それなのに、わたくしを裏切っただけではなくマーシアに加担し、メルヴィンの将来まで奪うなんて許せない。
あの子は将来、わたくしを王太后にしてくれるはずだった希望の子だったのに、あなたがすべてを奪ったのよ。
この疫病神、黒魔法なんて呪われた魔術を持って生まれたお前など殺してしまえと、アシュトン伯爵に言っておくべきだった。
心臓をえぐり取って、家畜に食わせて二度と人間に転生しないようにしてしまえばよかった。
今はお前が憎くて憎くて仕方ない。
このままでは頭に角が生えてしまいそうだわ』
つらつらとつづられる呪いのような言葉たちに、彼女がフィオナに向かってそう今話しているような錯覚を覚える。
今この場にはフィオナとロージーしかいないはずなのに、手紙を持つ手が震えてしまった。
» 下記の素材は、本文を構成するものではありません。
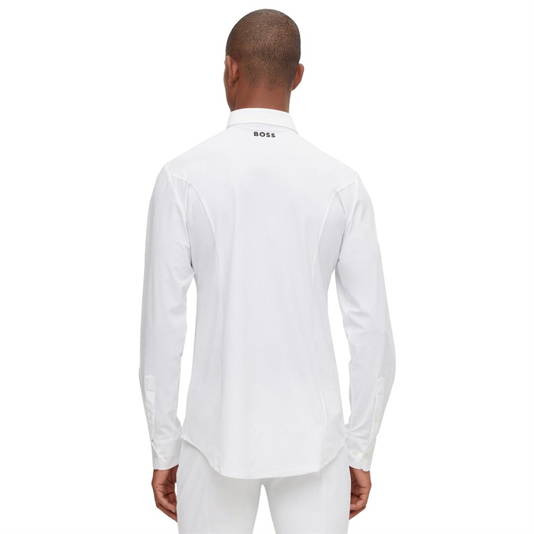 Den knappförsedda kragen ger ett traditionellt och stilrent tävlingsuttryck, medan de tekniska materialen säkerställer att skjortan sitter bekvämt även under längre tävlingsdagar. Den avtagbara slipsnålen och den kontrasterande BOSS-logotypen sätter en elegant finish.
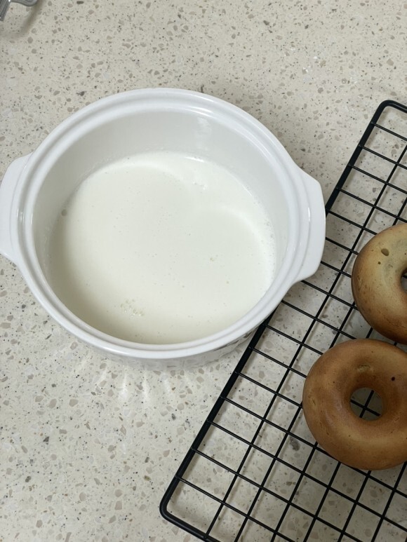 도넛이 익는동안 우유에 한천가루를 섞어 약불에 끓인다.
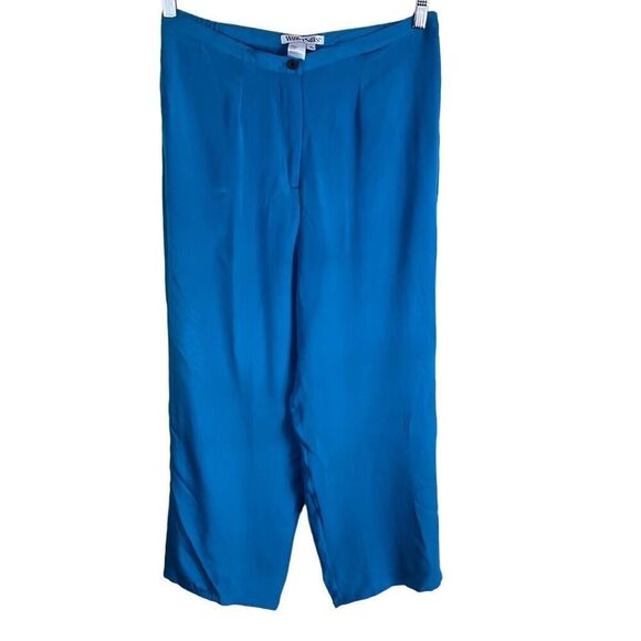 WinterSilks Womens 100% Silk Wide Leg Turquoise Blue Pant Size Petite Large
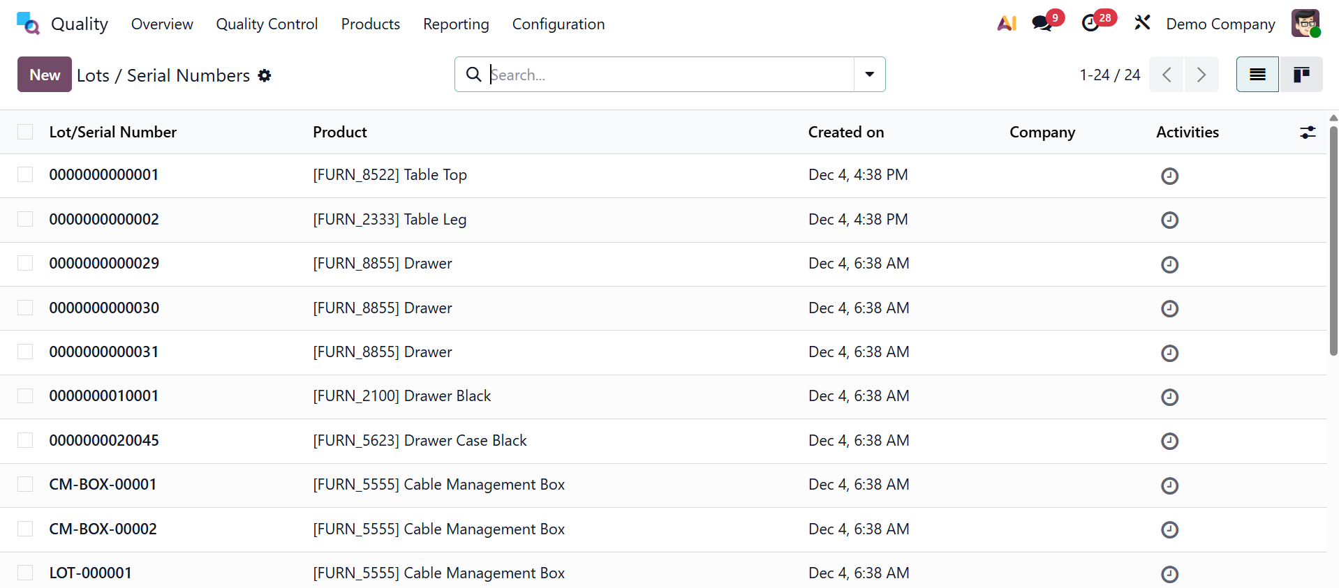 Products are assigned lots or serial numbers as they are being manufactured. Each product in a corporation has a distinct number that distinguishes it from the others. By choosing the Lot/Serial Numbers option under the Items menu, a user can see all created serial numbers for products in a company. Users can examine details about each commodities lot/serial number, including Product, Company, Created Date, etc. By selecting the New button, a product can be assigned a new lot or serial number.

『あんなに目をかけてやったのに、自分の娘のように手塩にかけて育てたのに、わたくしの大切な王子様をこんな風にしてただで絶対に済ませない』
自分の息子を王子様呼ばわりとは気持ちの悪い表現に吐き気がした。
『夢に悪魔が出てきたら真っ先にお前の命をくれてやるとわたくしは言うわ。
そのぐらいの覚悟を持ってやったんでしょう? この人殺し。お前は今までのあの子のすべてを壊したのよ。それなら殺したも同然だわ。人殺し。母親から子供を奪うなんて悪魔の所業だわ。やっぱりあなた人間ではないんじゃないの?
お前は無情な化け物よ。人の記憶を操るなんて化け物でもなければなんだっていうの?
ああ、嫌ね。こういう人間はさっさと殺す法律を作った方がいいと思わない?
あなたの事を言っているのよ、フィオナ、今すぐに死んでほしいわ、わたくしの目の前で懺悔をしながら死んでほしいのよ』
心にぐさぐさとナイフが刺し込まれているような感覚だった。
これ以上は読んでいられずに、流して文字と単語だけを追っていく。
許さない、恩知らずという言葉が立ち並んでいる。それでも手紙を放棄することはできなかった。